Notice that every subject term has a non-empty property-set (every subject term must appear in at least one triple) but some subject terms may have an empty type-set (in case they do not appear as the subject of a triple with the rdf:type predicate). We will simply use Y in places where both \(Y^C\) and \(Y^P\) apply. Since we are interested in relating names to their meanings we will use X to denote an arbitrary IRI name and will write \(\langle X,Y\rangle \) for a pair consisting of an arbitrary IRI name and either of its meaning proxies.

Mutual Information. Two random variables X and Y are independent iff \(P(X,Y) = P(X) \cdot P(Y)\) for all possible values of X and Y. Mutual information I(XY) is a measure of the dependence between X and Y, in other words a measure of the discrepancy between the joint distribution P(XY) and the product distribution \(P(X) \cdot P(Y)\):

$$\begin{aligned} I(X;Y) = E[\log P(X,Y) - \log P(X) \cdot P(Y)], \end{aligned}$$

where E is the expectation under P(XY). In particular, there is no mutual information between X and Y (i.e. \(I(X;Y) = 0\)) when X and Y are independent, in which case the value of X carries no information about the value of Y or vice versa.

Information and Codes. While the whole paper can be read strictly in terms of probability distributions, it may be instructive to take an information theoretical perspective, since information theory inspired many of the techniques we use. Very briefly: it can be shown that for any probability distribution P(X), there exists a prefix-free encoding of the values of X such that the codeword for a value x has length \(- \log P(x)\) bits (all logarithms in this paper are base-2). “Prefix-free means” that no codeword is the prefix of another, and we allow non-integer codelengths for convenience. The inverse is also true: for every prefix free encoding (or “code”) for the values of X, there exists a probability distribution P(X), so that if element x is encoded in L(x) bits, it has probability \(P(x) = 2^{-L(x)}\) [4, Theorem 5.2.1].

Mutual information can thus be understood as the expected number of bits we waste if we encode an element drawn from P(XY) with the code corresponding to P(X)P(Y), instead of the optimal choice, the code corresponding to P(XY).

Problem Statement and Approach. We can now define the central question of this paper more precisely. Let o be an IRI. Let n(o), c(o) and p(o) be its name (a Unicode string), its type-set and its predicate-set respectively. Let O be a random element so that P(O) is a uniform distribution over all IRIs in the domain.
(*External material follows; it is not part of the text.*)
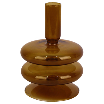 Leuke kandelaar in een ronde vorm gemaakt van glas. Ook verkrijgbaar in verschillende kleuren. Combineer onze verschillende kandelaren en onze gekleurde kaarsen met elkaar voor een extra leuk effect. De kandelaar is 16 cm hoog.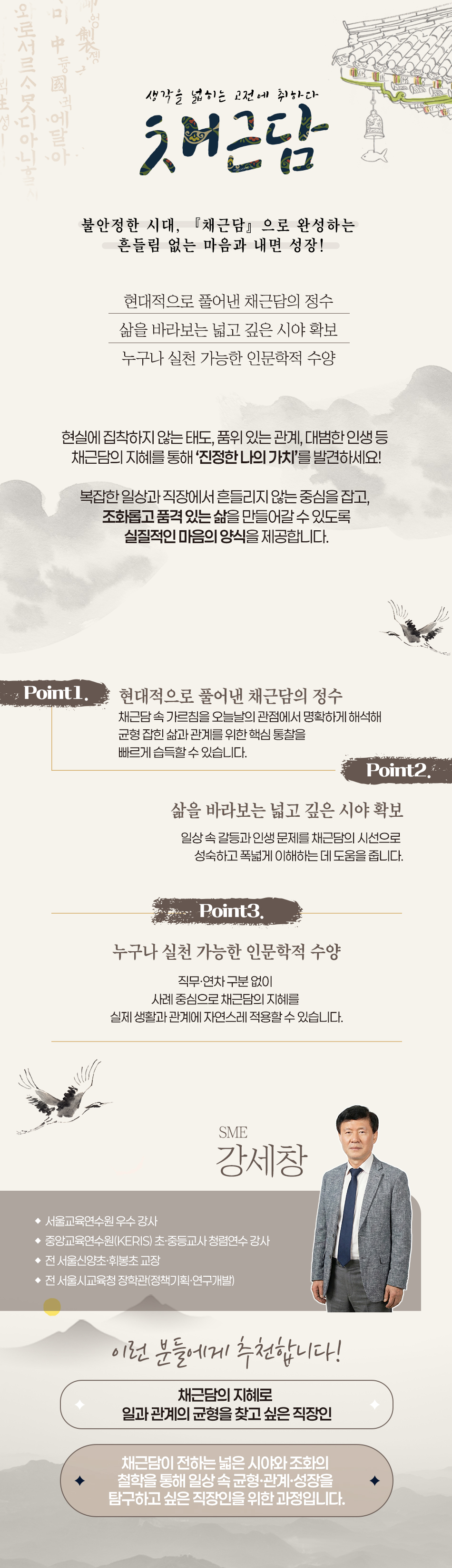 본 과정은 채근담의 핵심 사상을 6개의 주제로 체계화하여, 번잡한 일상에서 벗어나 여유롭고 지혜로운 삶을 살아가는 방법을 제시합니다. 욕심을 내려놓고 마음의 평화를 찾으며, 진정한 인간다움을 실현하는 삶의 철학을 함께 탐구해보시기 바랍니다.

Let \(X = n(O)\), \(Y^C = c(O)\) and \(Y^P(O)\). As explained, we use \(Y^C\) and \(Y^P\) as meaning proxies, if the value of X can be reliably used to predict the value of \(Y^C\) or \(Y^P\), then we take X to contain information about its meaning. The treatment is the same for both proxies so we will use Y as a symbol for a meaning proxy in general to report results for both.
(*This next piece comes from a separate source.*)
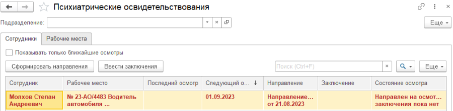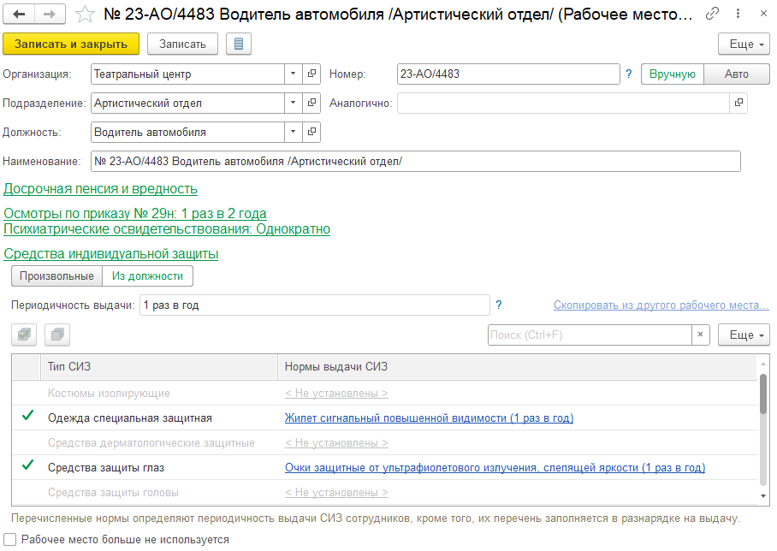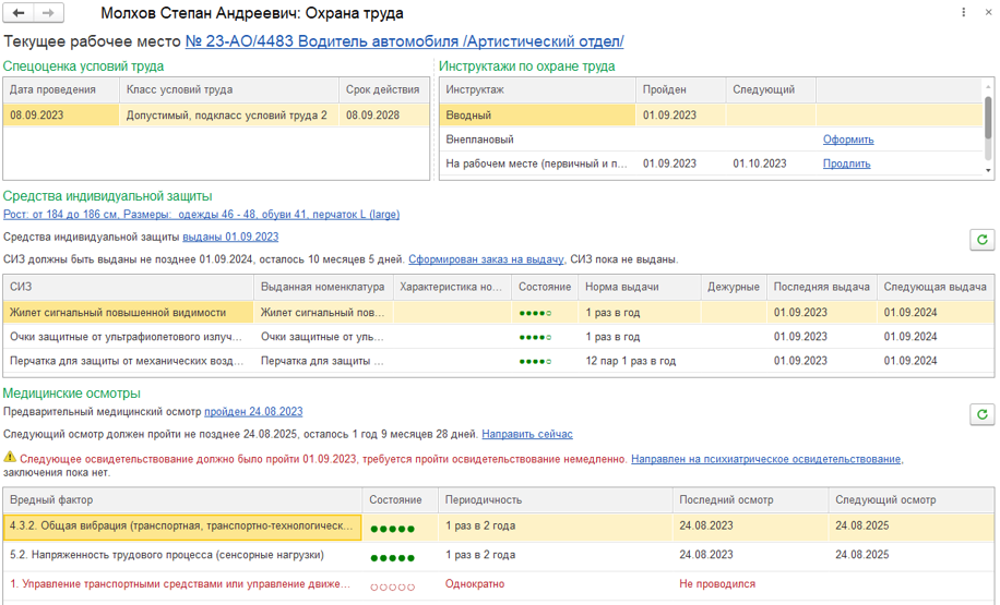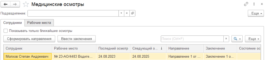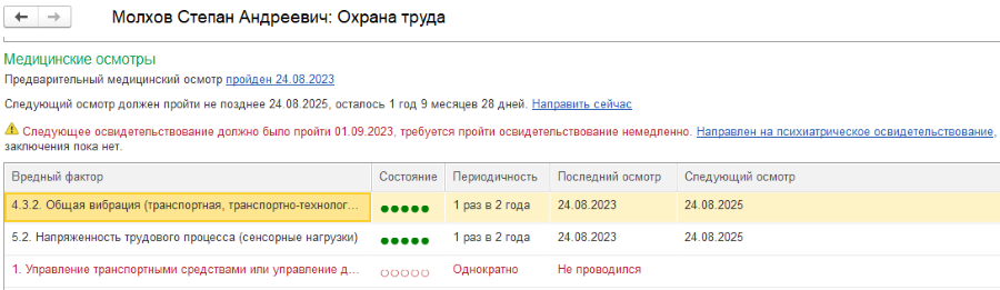 Если по результатам СОУТ в 1С:ЗГКУ зафиксировано наличие вредных факторов и видов работ, то в карточке рабочего места в системе будут отражены необходимые медицинские осмотры и психиатрические освидетельствования.

We take the IRIs from an RDF dataset and consider them to be a sequence of randomly chosen IRIs from the dataset’s domain with names \(X_{1:n}\) and corresponding meanings \(Y_{1:n}\). Our method can now be stated as follows:

If we can show that there is significant mutual information between the name X of an IRI and its meaning Y, then we have shown that the IRIs in this domain carry information about their meaning.

This implies a best-effort principle: if we can predict the value of Y from the value of X we have shown that X carries meaning. However, if we did not manage this prediction, there may yet be smarter methods to do so and we have not proved anything. For instance, an IRI that seems to be a randomly generated string could always be an encrypted version of a meaningful one. Only by cracking the encryption could we prove the connection. Thus, we can prove conclusively that IRIs carry meaning, but not prove conclusively that they do not.

Of course, even randomly generated IRIs might, through chance, provide some information about their meaning. We use a hypothesis test to quantify the amount of evidence we have. We begin with the following null hypothesis:

\(H_0\): There is no mutual information between the IRIs \(X_{1:n}\) and their meanings \(Y_{1:n}\).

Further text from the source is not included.